EXERCISE DIRECTIONS:
Leave the pictures in the listing below aside and reproduce exactly the lines starting with the one with "Borsa a tracolla" and going on through the one with "季節の野菜をたっぷり使ったス", both ends included.

SUPPLIED DATA:
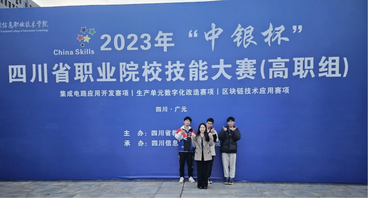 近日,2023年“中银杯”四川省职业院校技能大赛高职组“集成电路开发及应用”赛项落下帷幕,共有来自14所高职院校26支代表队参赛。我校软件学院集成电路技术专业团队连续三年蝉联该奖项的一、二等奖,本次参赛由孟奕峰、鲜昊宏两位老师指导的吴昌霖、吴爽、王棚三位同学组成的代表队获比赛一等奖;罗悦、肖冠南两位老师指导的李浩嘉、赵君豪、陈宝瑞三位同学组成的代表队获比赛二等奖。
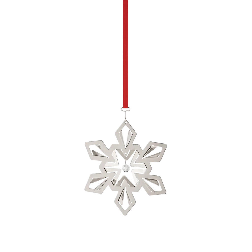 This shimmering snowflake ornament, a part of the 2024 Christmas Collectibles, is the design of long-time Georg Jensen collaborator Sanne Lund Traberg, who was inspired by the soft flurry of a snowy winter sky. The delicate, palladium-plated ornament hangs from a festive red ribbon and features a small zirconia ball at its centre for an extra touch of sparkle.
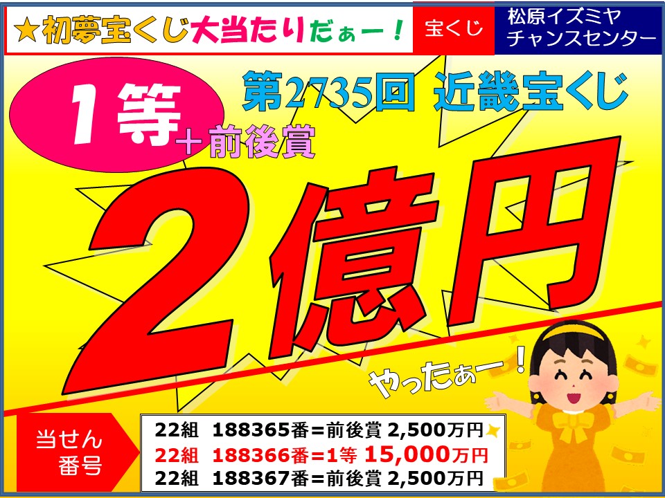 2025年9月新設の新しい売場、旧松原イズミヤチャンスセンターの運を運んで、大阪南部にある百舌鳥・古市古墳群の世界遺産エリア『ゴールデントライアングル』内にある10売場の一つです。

---

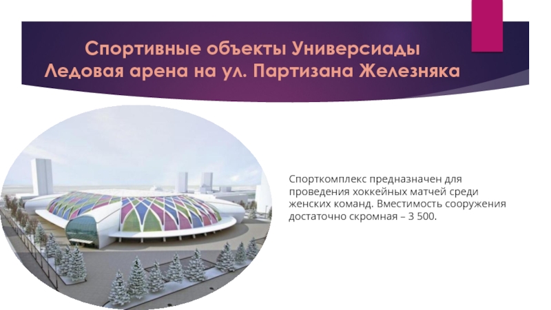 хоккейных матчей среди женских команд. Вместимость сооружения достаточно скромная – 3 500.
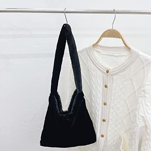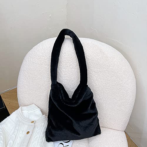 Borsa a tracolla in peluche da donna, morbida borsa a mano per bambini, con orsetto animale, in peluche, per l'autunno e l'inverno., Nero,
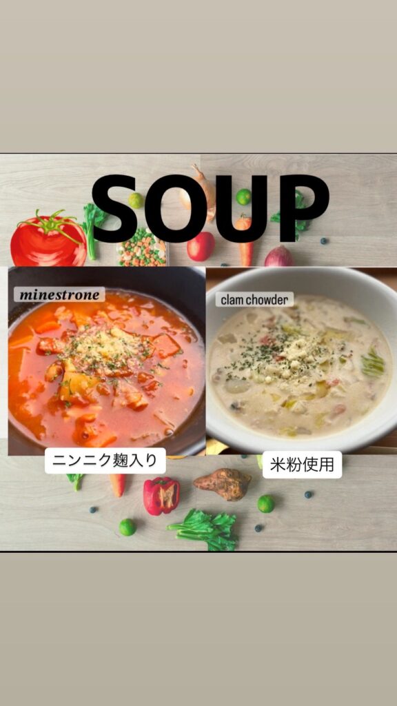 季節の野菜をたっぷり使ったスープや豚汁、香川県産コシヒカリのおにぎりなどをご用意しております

TASK RESPONSE:
 Borsa a tracolla in peluche da donna, morbida borsa a mano per bambini, con orsetto animale, in peluche, per l'autunno e l'inverno., Nero,
 季節の野菜をたっぷり使ったスープや豚汁、香川県産コシヒカリのおにぎりなどをご用意しております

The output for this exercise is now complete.